“Hereon by, I live in a different world. My world has been stripped to it’s very core. I have no expectations, no hopes, no dreams. People that dream much, they can’t survive here. I have to find a way to tip the scales in my favor, but after everything, I feel completely lifeless and broken. I can’t really let myself try, because I’m already broken, and if I go on, I’m not sure I will make it. I’m sulking, not just miserable, but so much under I can’t remember, anything really. There might have been times I have been more, but they are too far to remember. I’m so out of options, I have never been before. I don’t talk about it. I repeat it’s fine, pick myself up and keep trying, because this is what we are learned to do. But it’s not fine, it isn’t.
It’s what people say when they know they have hit rock bottom.”
–me, right after the rape, summer of 2010
1. Down memory lane
Here’s something you really don’t/can’t think about when your life is going through something big: the small stuff.
Ironically, you can work out the big stuff, because they are big, obvious, and pretty hard to miss, unless you intend to. The small stuff are the ones that stay lurking in the dark corners of your brain, and stopping you from things without you expecting them.
After a year and a half in silence and denial I have spend every ounce of energy I have had for the past 4 or 5 months in attempts to resolve my issues with the rape.
And somewhere in the process I resolve a lot of how I feel about it. So when I come to the point of being able to say the word rape, and not cry or fall apart, I am really surprised to discover I have other issues with that summer.
Smaller issues, issues I haven’t had energy for, that have piled in the corner, and now they are there, making a mess, dirty, annoying mess, out of my new-found freedom, filling my head with shame and regret and more issues I didn’t suspect I have.
I guess everybody who goes through rape, goes through one or more of the following: loss of trust, loss of faith, PTSD, panic attacks, flashbacks, inability to keep with life as it was, loss of feeling of safety, intimacy issues, guilt.
For me, that summer brings all that along with a neat package of financial issues, loss of my sense of independence and ability to dream.

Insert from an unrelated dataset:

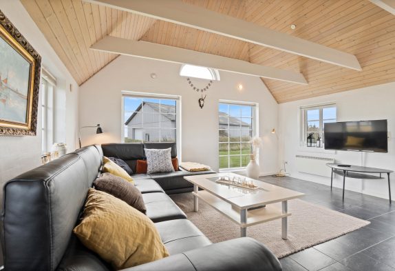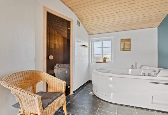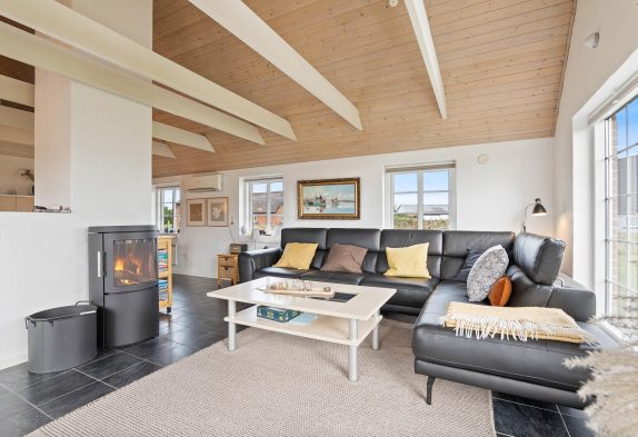 Derudover er der to gode badeværelser, hvoraf det store har både spa og sauna, så I virkelig kan slappe af og få ladt batterierne op. I stuen er der et flot træloft til kip og med synlige bjælker, som giver huset særlig karakter. På køligere dage kan I tænde op i husets brændeovn, som er centralt palceret i boligen.

I find my journals lately, from that time. As a writer I haven’t stop writing throughout that summer, but I don’t write many details there. I can’t survive if I do. But I do write out my feelings and they all feel quite usual then. Only now, when I re-read them, I sense how deeply I have fallen, how depressed I have already been, so concentrated on getting through the summer that I have not for a second figured out how deeply I have changed.
Let’s get back to a year and a half ago, when I decide I do need counseling.
Going to a counselor, when you aren’t yourself aware of your issues, shouldn’t help.
And it doesn’t exactly. Not on the obvious level.
Me and the counselor, we don’t talk about my rape. That would mean admitting there was one. For the most part I think I frustrate her but how deeply I refuse to see anything good in life, despite my inability to pinpoint why exactly does everything around me looks like a nightmare.
I don’t tell her about the lack of money and not eating. I don’t tell her how there have been people around me in the summer, killing themselves with drugs and how now I get angry every time someone has a problem like a deadline missed on a homework. You don’t talk about those things. I can’t barely live with them, formulating them, even for myself, is too hard. And I don’t even know it, not on conscious level…I do what I have done.
I asses the problem, I make a list of what I have to do, I try to follow my dream.
I talk to the counselor about other things from my past, like the bullying in high school. Somewhere, somehow, I manage to contain the urge to drink.
Classes are going better, at least I manage them somehow at that point.
I’m satisfied with that. I fail to see the problem with waking up in the middle of the night wanting to scream, or with the fact that I spend my last money for the week on coffee so that I can spend the afternoon with my friends and at least for once feel normal, knowing that yet again I have no food for the weekend and will have to pray for something to eat.
I fail to see the problem in assuming I should put the summer behind me, saying that it means nothing, and piling it within myself.
Somehow, I just move through the months.
I’m not drinking anymore, I’m sorta-kinda-getting through the classes, and with good grades at that. For any purpose, it seems like I’m moving on.
I’m still dreaming, making plans, making lists, planning.
Only now, when I do it, it feels like every breath I’m taking is going through fire, like breathing is to hard, let alone thinking I can achieve anything.
I just exist, go through the motions, and on some passive-aggressive way of denying to the world that anything is wrong, I am fine. I really, really am.
After a little breakdown, for a first time in 2 years, I realize there is this new feeling in me. Just an inch of it, small, almost unnoticeable, but it’s there. Faith.